## Your goal
Pictures in the records are to be omitted; everything else is copied exactly.

(Information Opens)

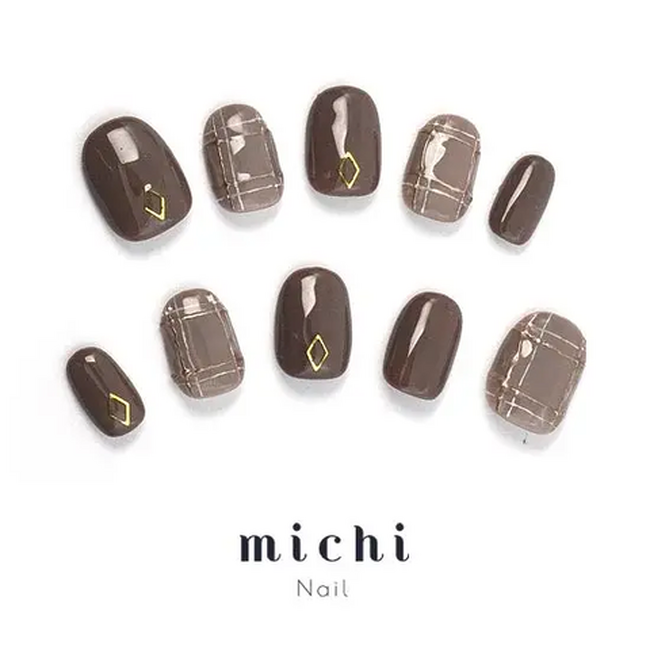 大人っぽいブラウンのチェックネイル。冬の定番チェックを上品に楽しめるデザインです。シンプルなカラーなので普段使いしやすく、オフィスでもお使いいただけるネイルチップです。
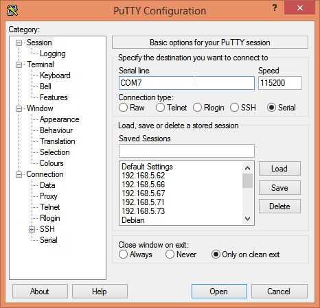 Necesitamos un programa de terminal para hablar sobre el puerto serie. Utilizar masilla para SSH, es un buen programa de terminal para este caso también.
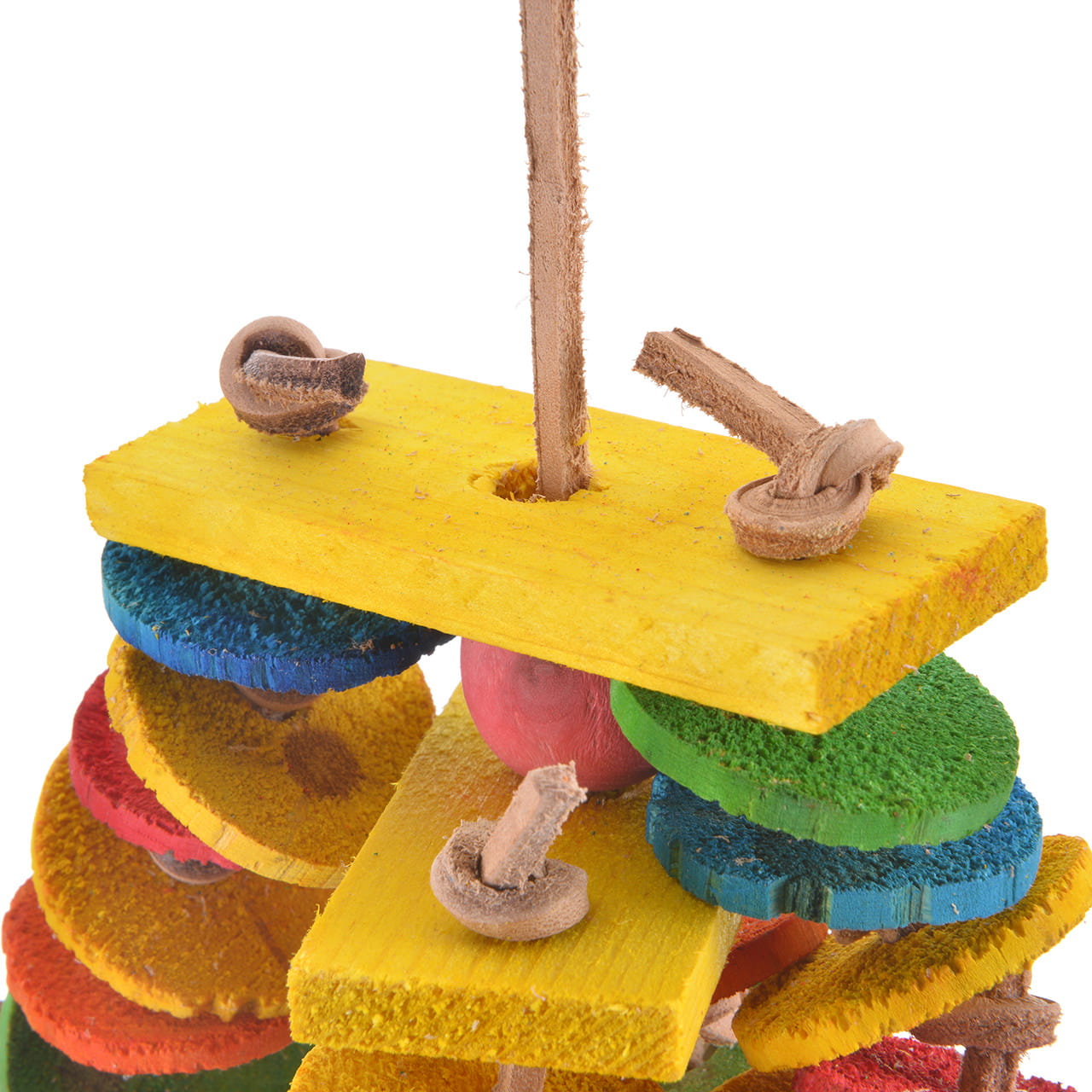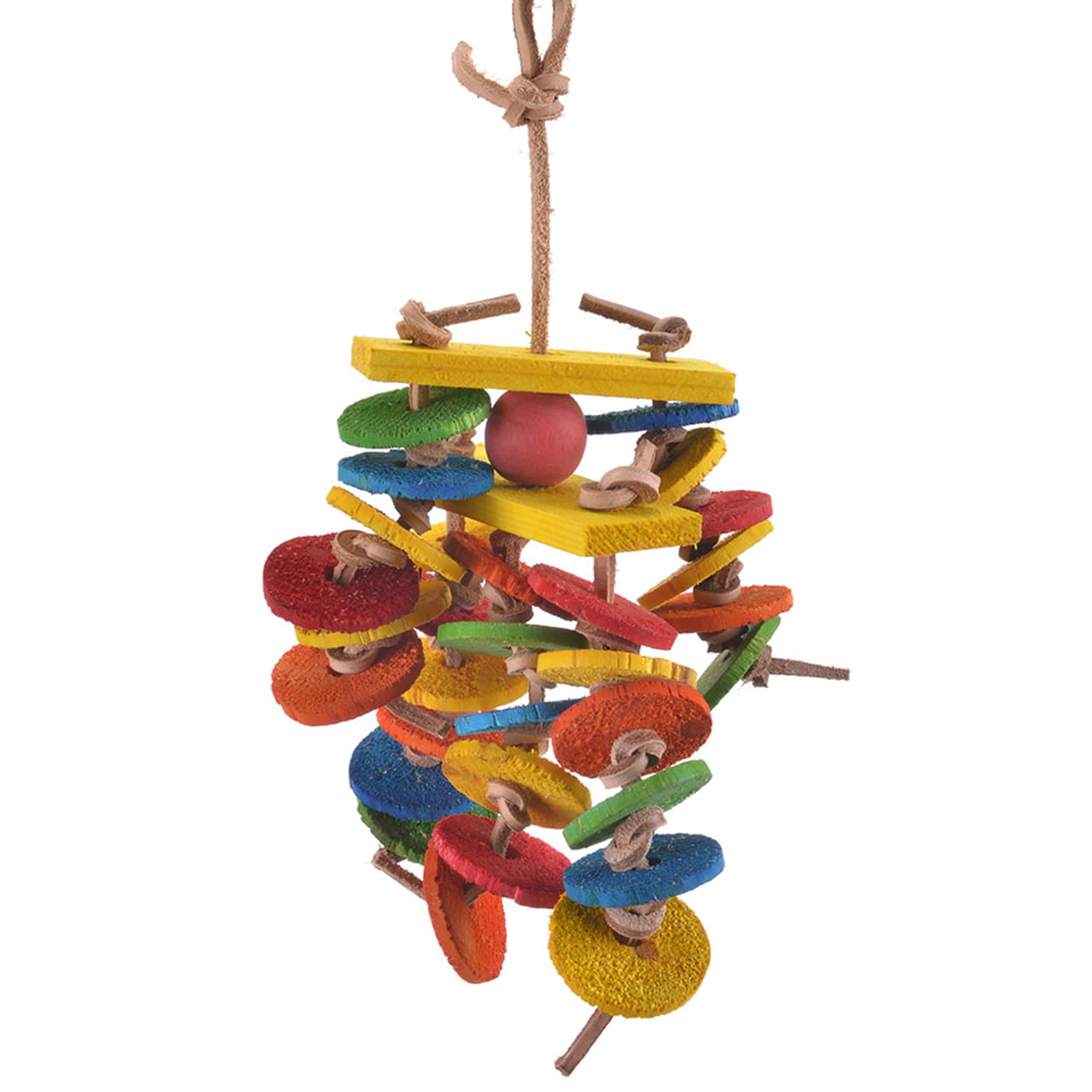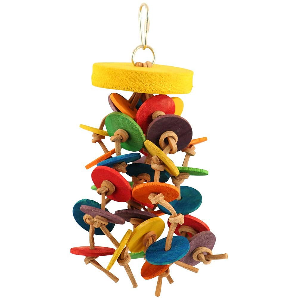 Hračka s dřevěnými disky a uzly je jednou z nejoblíbenějších kombinací tvarů a materiálů v hračkách pro papoušky. Hračka je univerzální a všestranná.
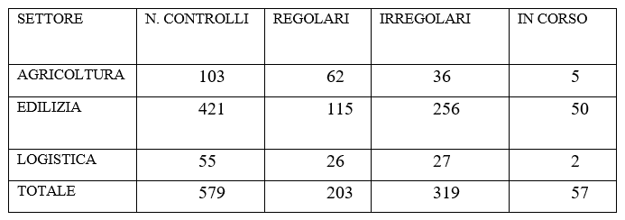 Con riferimento al dato relativo al settore dell’edilizia, si precisa che si tratta del numero di cantieri ispezionati presso i quali possono operare anche più ditte. Sono stati accertati complessivamente n. 154 lavoratori irregolari nei settori attenzionati e n. 43 lavoratori sommersi. Nell’ambito di tale attività, l’ITL ha accertato altresì l’evasione dell’importo complessivo di € 1.157.278.
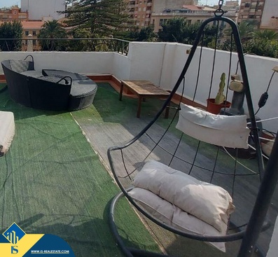 4-ių kambarių penthouse apartamentas su terasa, Ispanijoje, Alicante provincijoje, Alicante mieste, bendras plotas 156 m², 800 metrų iki jūros, 18 kilometrų iki Alicante oro uosto. Turtui priklauso terasa, liftas, vieta automobiliui, soliariumas. Netoli turto yra parduotuvės, restoranai, vaistinės, autobusų stotelės, degalinės, žalios zonos, kavinės
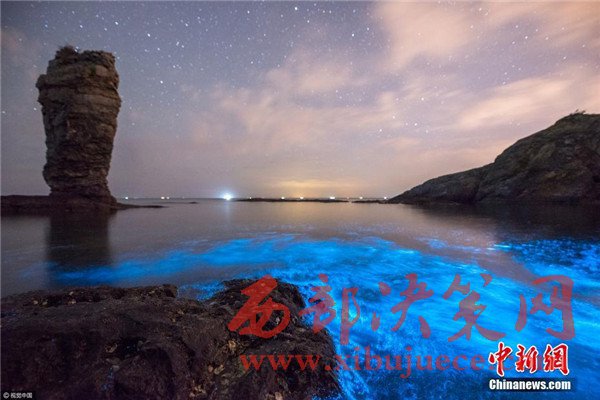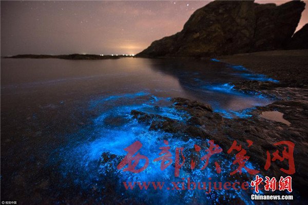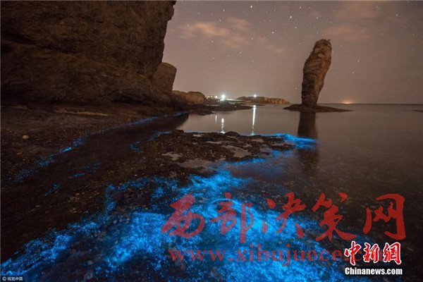 2017年4月27日凌晨,大連小黑石海域又現“熒光海”奇觀。(圖片來源:視覺中國)
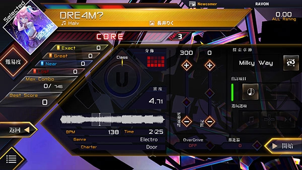 4、画面左侧显示歌曲的播放速度以及OverDrive剩余能量,右侧呈现的是NOVA当前状态。

(Information Closes)

## Exercise answer
 大人っぽいブラウンのチェックネイル。冬の定番チェックを上品に楽しめるデザインです。シンプルなカラーなので普段使いしやすく、オフィスでもお使いいただけるネイルチップです。
 Necesitamos un programa de terminal para hablar sobre el puerto serie. Utilizar masilla para SSH, es un buen programa de terminal para este caso también.
 Hračka s dřevěnými disky a uzly je jednou z nejoblíbenějších kombinací tvarů a materiálů v hračkách pro papoušky. Hračka je univerzální a všestranná.
 Con riferimento al dato relativo al settore dell’edilizia, si precisa che si tratta del numero di cantieri ispezionati presso i quali possono operare anche più ditte. Sono stati accertati complessivamente n. 154 lavoratori irregolari nei settori attenzionati e n. 43 lavoratori sommersi. Nell’ambito di tale attività, l’ITL ha accertato altresì l’evasione dell’importo complessivo di € 1.157.278.
 4-ių kambarių penthouse apartamentas su terasa, Ispanijoje, Alicante provincijoje, Alicante mieste, bendras plotas 156 m², 800 metrų iki jūros, 18 kilometrų iki Alicante oro uosto. Turtui priklauso terasa, liftas, vieta automobiliui, soliariumas. Netoli turto yra parduotuvės, restoranai, vaistinės, autobusų stotelės, degalinės, žalios zonos, kavinės
 2017年4月27日凌晨,大連小黑石海域又現“熒光海”奇觀。(圖片來源:視覺中國)
 4、画面左侧显示歌曲的播放速度以及OverDrive剩余能量,右侧呈现的是NOVA当前状态。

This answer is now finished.